BEGIN Supplied data

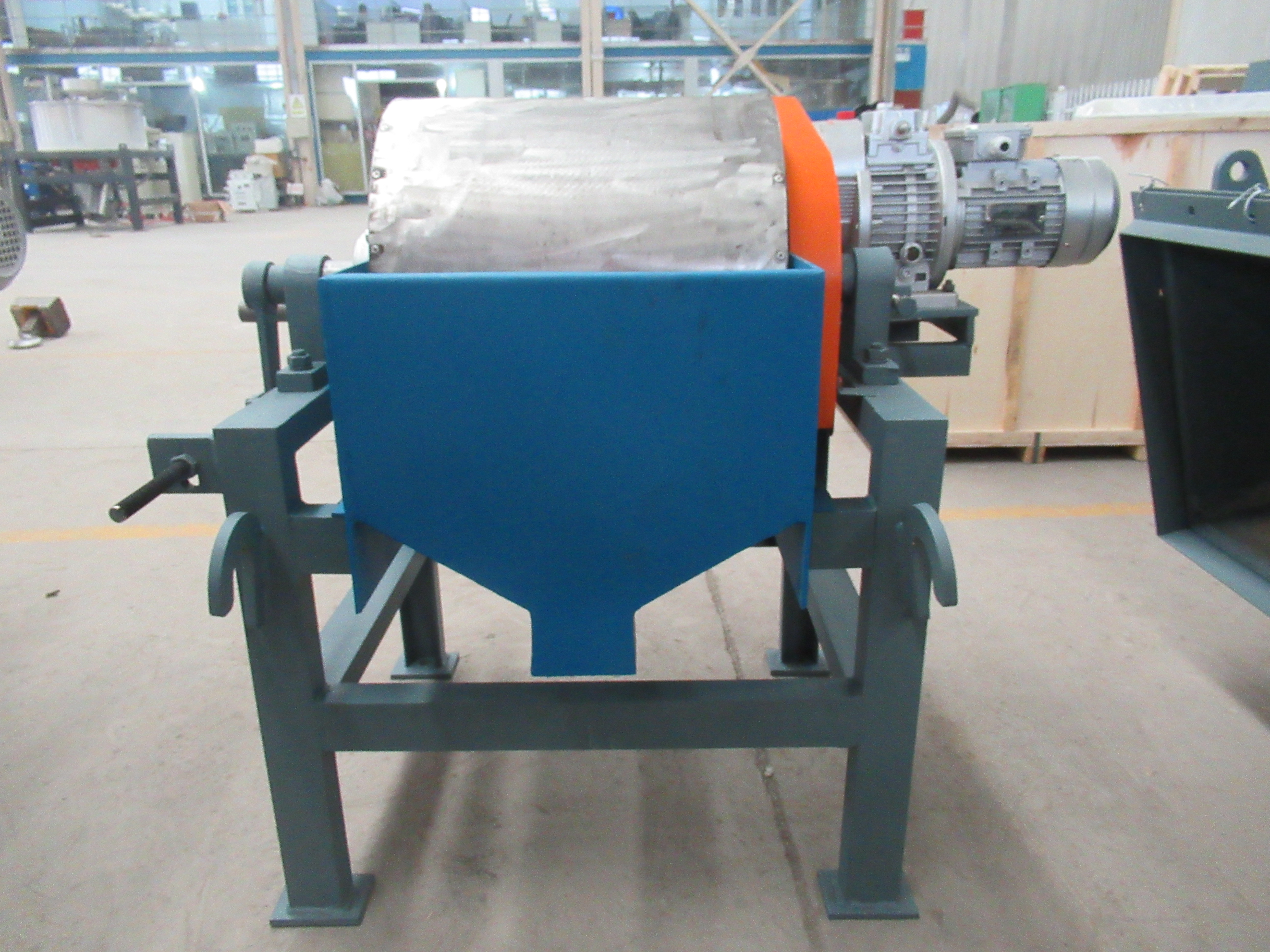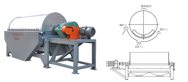 其原理是當(dāng)?shù)V漿進(jìn)入磁場(chǎng)區(qū)時(shí),其中強(qiáng)磁性礦物被吸附在圓筒表面,弱磁性和非磁性礦物被水流沖洗排出,而吸附在圓筒表面上的磁性礦物隨圓筒旋轉(zhuǎn),被帶出磁場(chǎng)區(qū),用沖洗水沖入精礦槽中,完成分選作業(yè)。
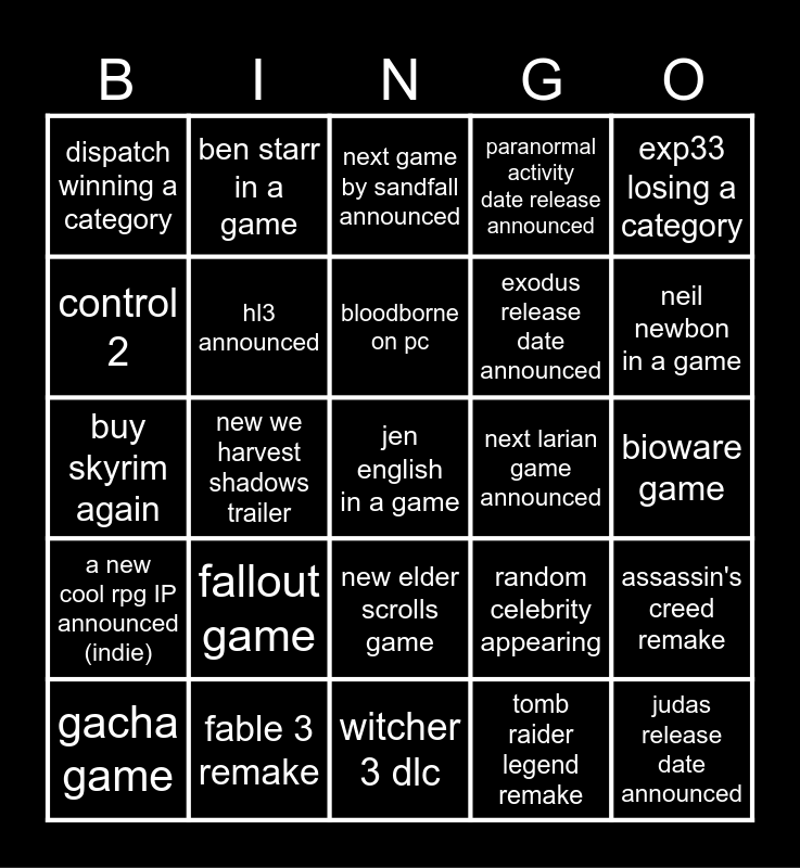This bingo card has 25 words: fallout game, witcher 3 dlc, bloodborne on pc, gacha game, exp33 losing a category, dispatch winning a category, control 2, ben starr in a game, next larian game announced, new elder scrolls game, exodus release date announced, buy skyrim again, random celebrity appearing, assassin's creed remake, hl3 announced, judas release date announced, bioware game, next game by sandfall announced, neil newbon in a game, new we harvest shadows trailer, jen english in a game, fable 3 remake, a new cool rpg IP announced (indie), paranormal activity date release announced and tomb raider legend remake.
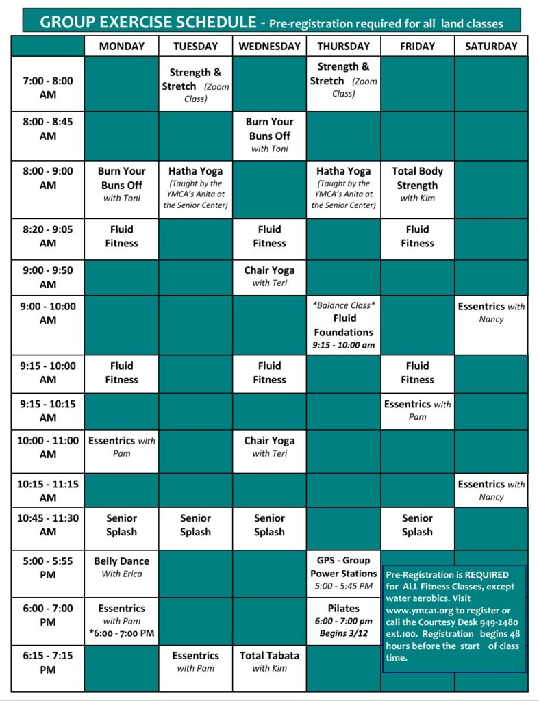 *Pre-Registration is REQUIRED for all Fitness Classes except for water aerobics.

END Supplied data

What needs to be done: The task calls for every line of the data to be returned exactly, without pictures.

Task solution:
 其原理是當(dāng)?shù)V漿進(jìn)入磁場(chǎng)區(qū)時(shí),其中強(qiáng)磁性礦物被吸附在圓筒表面,弱磁性和非磁性礦物被水流沖洗排出,而吸附在圓筒表面上的磁性礦物隨圓筒旋轉(zhuǎn),被帶出磁場(chǎng)區(qū),用沖洗水沖入精礦槽中,完成分選作業(yè)。
This bingo card has 25 words: fallout game, witcher 3 dlc, bloodborne on pc, gacha game, exp33 losing a category, dispatch winning a category, control 2, ben starr in a game, next larian game announced, new elder scrolls game, exodus release date announced, buy skyrim again, random celebrity appearing, assassin's creed remake, hl3 announced, judas release date announced, bioware game, next game by sandfall announced, neil newbon in a game, new we harvest shadows trailer, jen english in a game, fable 3 remake, a new cool rpg IP announced (indie), paranormal activity date release announced and tomb raider legend remake.
 *Pre-Registration is REQUIRED for all Fitness Classes except for water aerobics.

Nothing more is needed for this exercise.